- **WHAT THE EXERCISE ASKS**
The copy must run from the line containing "The Fix SLOBS" through the final line of the records, both included, exactly as written. It should contain no pictures.
*** EXCERPTED RECORDS
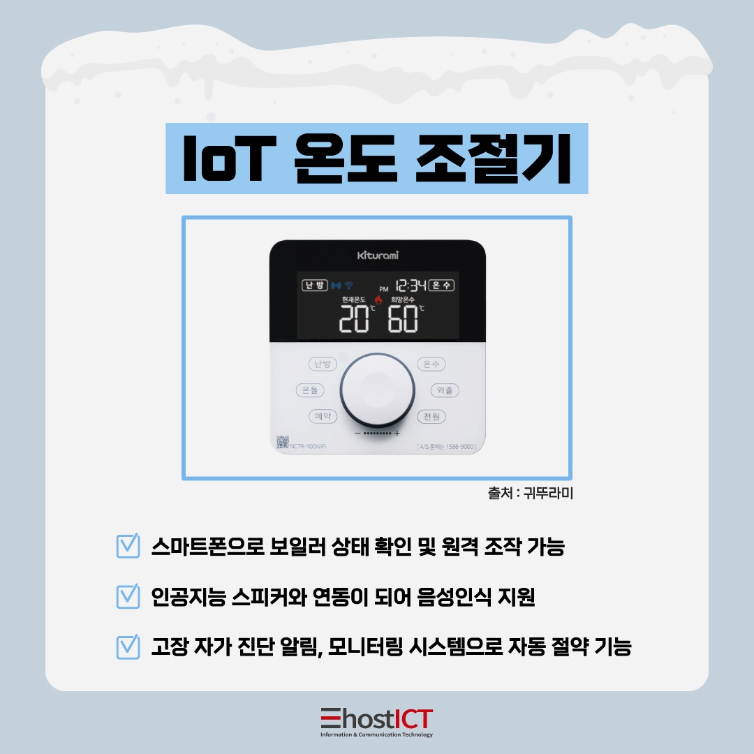 가정이나 사무실의 난방 시스템을 스마트하게 관리할 수 있는 IoT온도 조절기도 각광받고 있습니다.
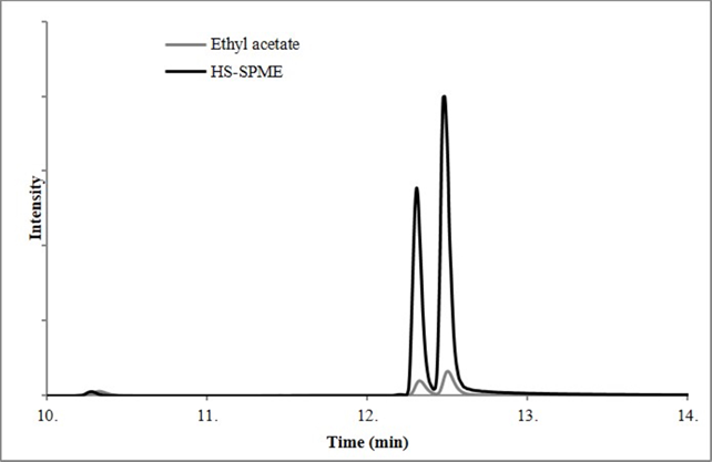 La Figura 1 muestra la comparación de cromatogramas SIM utilizando la extracción HS-SPME y Soxhlet con disolvente de acetato de etilo. Para la técnica HS-SPME, la sensibilidad aumenta casi nueve veces en comparación con la técnica de extracción con disolvente, incluso utilizando menos cantidad de muestra durante el proceso de microextracción, lo que demuestra la efectividad y ventaja de la metodología de HS-SPME.
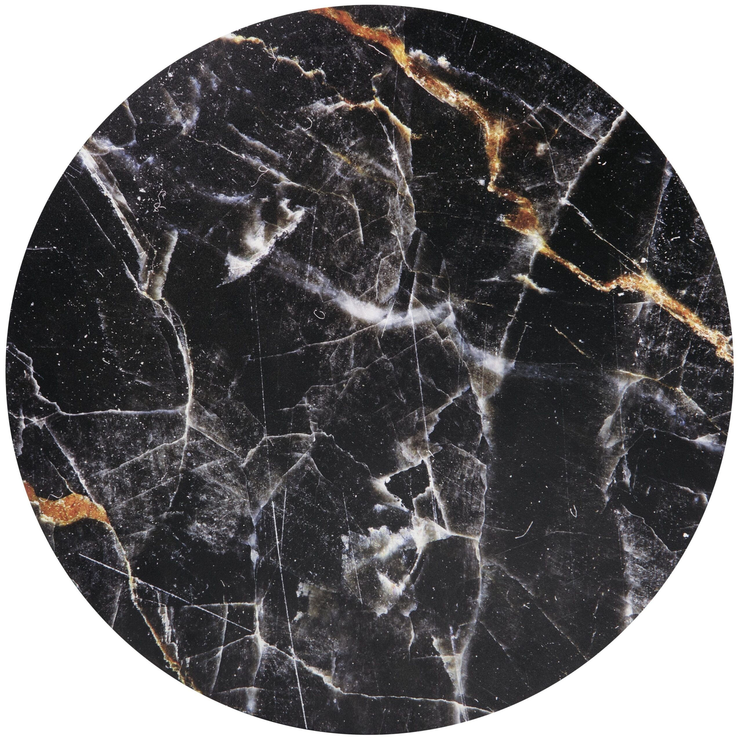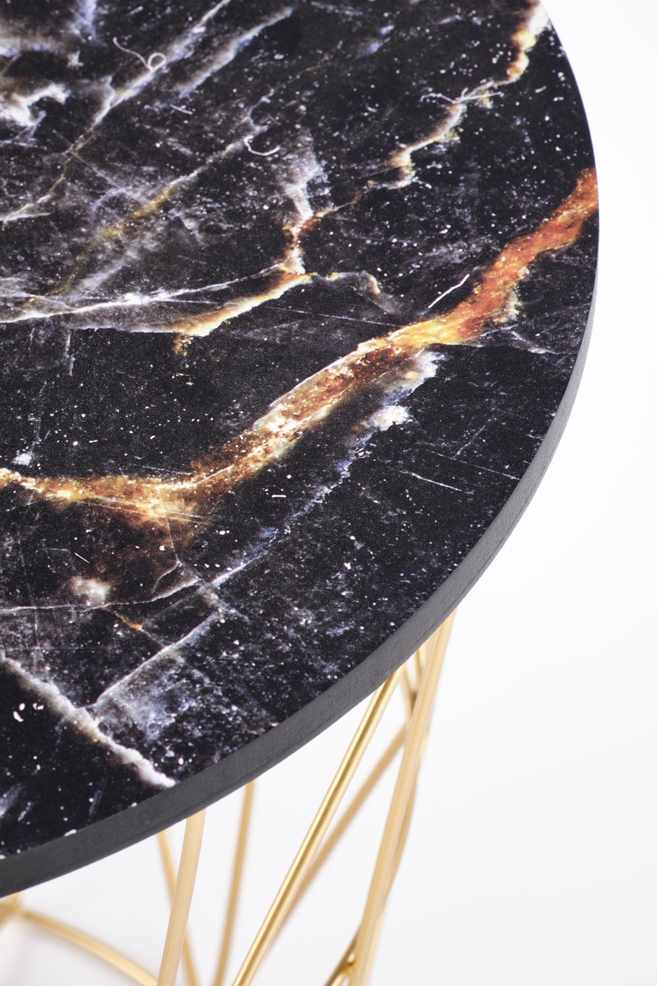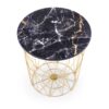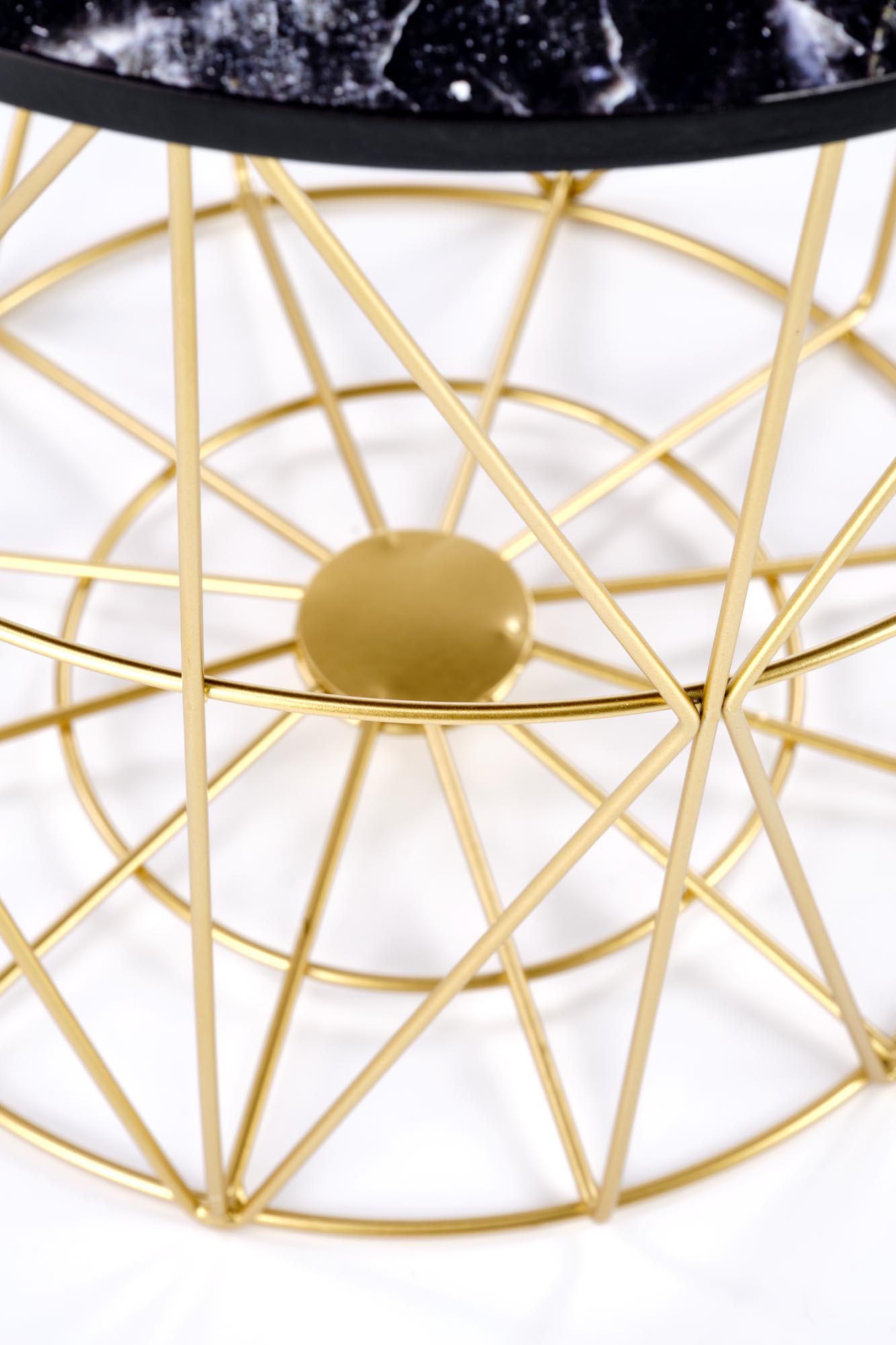 wymiary: fi 42/41 cm, materiał: MDF okleinowany / stal malowana proszkowo, kolory: stelaż – złoty, blat – czarny marmur
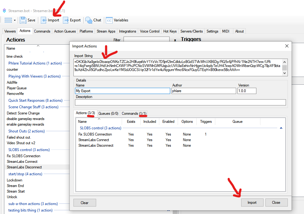 The Fix SLOBS connection is also, by default, wired up to a command called !fixSLOBS. If you want to use this command, enable the command in the commands tab after importing and configure permissions if necessary. These permissions should already be set, but I don't know if they are saved in the export file.
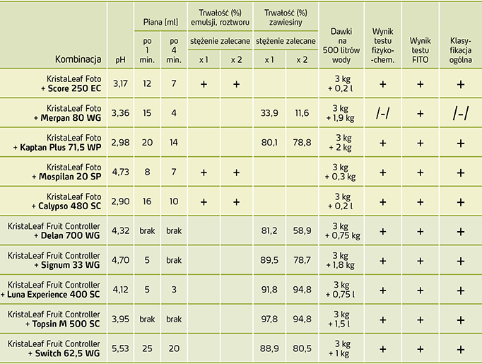Wynik / - / wskazujący na brak możliwości łącznego stosowania uzyskano dla 1 badanej mieszaniny - nawozu KristaLeaf Foto ze środkiem Merpan 80 WG. Przyczyną negatywnego wyniku jest stwierdzony brak fizykochemicznej zgodności przedmiotowej mieszaniny.
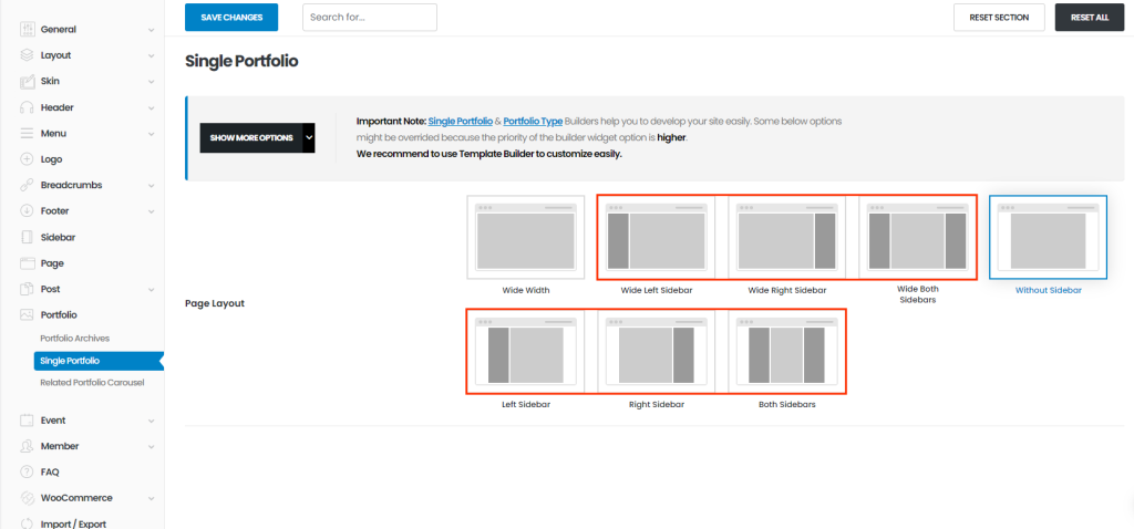 You can set single portfolio page's layout here. Once you set sidebar layouts, you can see select box of sidebar.
******
- **ANSWER SECTION**
 The Fix SLOBS connection is also, by default, wired up to a command called !fixSLOBS. If you want to use this command, enable the command in the commands tab after importing and configure permissions if necessary. These permissions should already be set, but I don't know if they are saved in the export file.
Wynik / - / wskazujący na brak możliwości łącznego stosowania uzyskano dla 1 badanej mieszaniny - nawozu KristaLeaf Foto ze środkiem Merpan 80 WG. Przyczyną negatywnego wyniku jest stwierdzony brak fizykochemicznej zgodności przedmiotowej mieszaniny.
 You can set single portfolio page's layout here. Once you set sidebar layouts, you can see select box of sidebar.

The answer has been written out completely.